Finances are a factor as well. He signed a three-year contract with Buffalo with two years voidable. If he’s healthy and able to return, both sides would need to find the right number.
With the advent of juniors flooding the NFL Draft each year, there was a theory among some scouts that the Senior Bowl was losing some of its luster as a showcase for top prospects.
That has changed in recent years.
Under the leadership of executive director Phil Savage, the Senior Bowl has upped its game as far as attracting some of the top talent that player-personnel evaluators around the league want to see.
Savage worked in the NFL as a general manager, with the Cleveland Browns, and as a scout.
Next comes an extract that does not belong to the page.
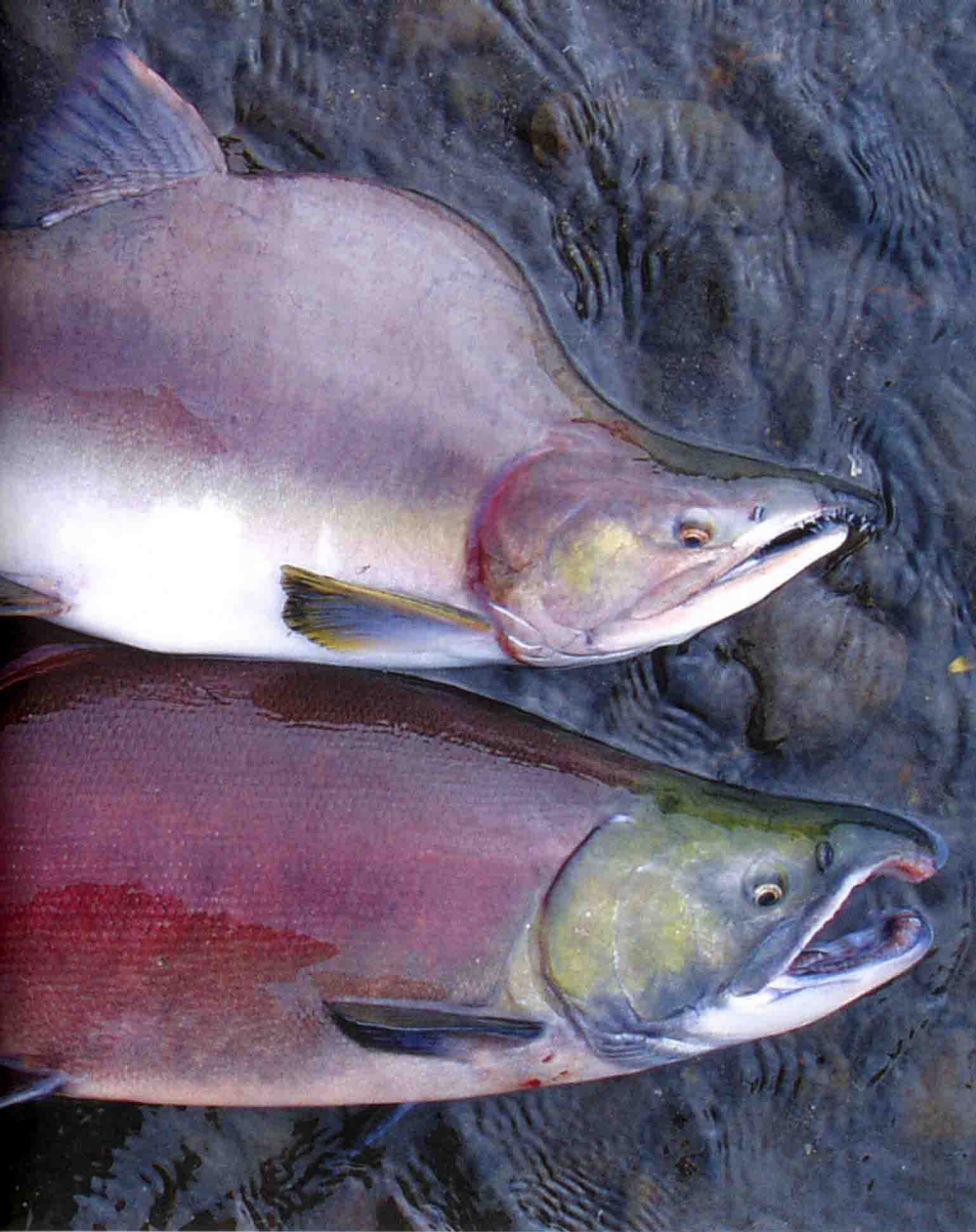
Oben Buckellachs-, unten Rotlachs-Milchner.

Oberlauf gerammelt voll mit Buckellachsen. Wir müssen bei fast jedem Wurf aufpassen, die Tiere nicht foul zu haken. Jedes zweite Jahr kommt es zu einem besonders starken Aufstieg dieser Lachsart und solch ein „Buckellachs-Jahr“ haben wir erwischt.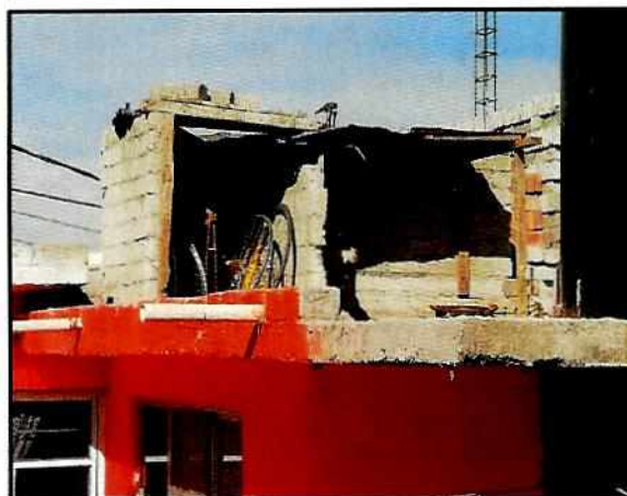
Imagen 2. Sitio de alojamiento deteriorado.

En seguimiento de lo anterior, personal de esta Subprocuraduría llevó a cabo una nueva visita de reconocimiento de hechos con la finalidad de dar seguimiento a las recomendaciones antes mencionadas, constatando que la persona encargada del cuidado del canino llevó a cabo las recomendaciones realizadas por personal de esta Entidad.

He understands the needs of teams when it comes to assessing draft prospects and is far more selective about the players he invites.
They don’t all accept and the junior crop still overshadows many seniors, but this year, for instance, Savage believes he has the deepest talent in his four years in charge of the all-star game among the 110 players here this week.
None of the other college all-star games – the East-West Shrine Game and the NFLPA Collegiate Bowl among the more notable of them – can compare to the Senior Bowl’s magnitude or reputation for drawing players worthy of entry into the NFL.
In 2013, according to Senior Bowl officials, 94 players who participated in the game joined the NFL, including top overall choice Eric Fisher, a former Central Michigan offensive tackle selected by the Kansas City Chiefs.
The average number of Senior Bowl participants who land in the NFL each year hovers above 80. According to CBSSports.com draft analyst Rob Rang, that’s more than double all of the other college all-star games combined.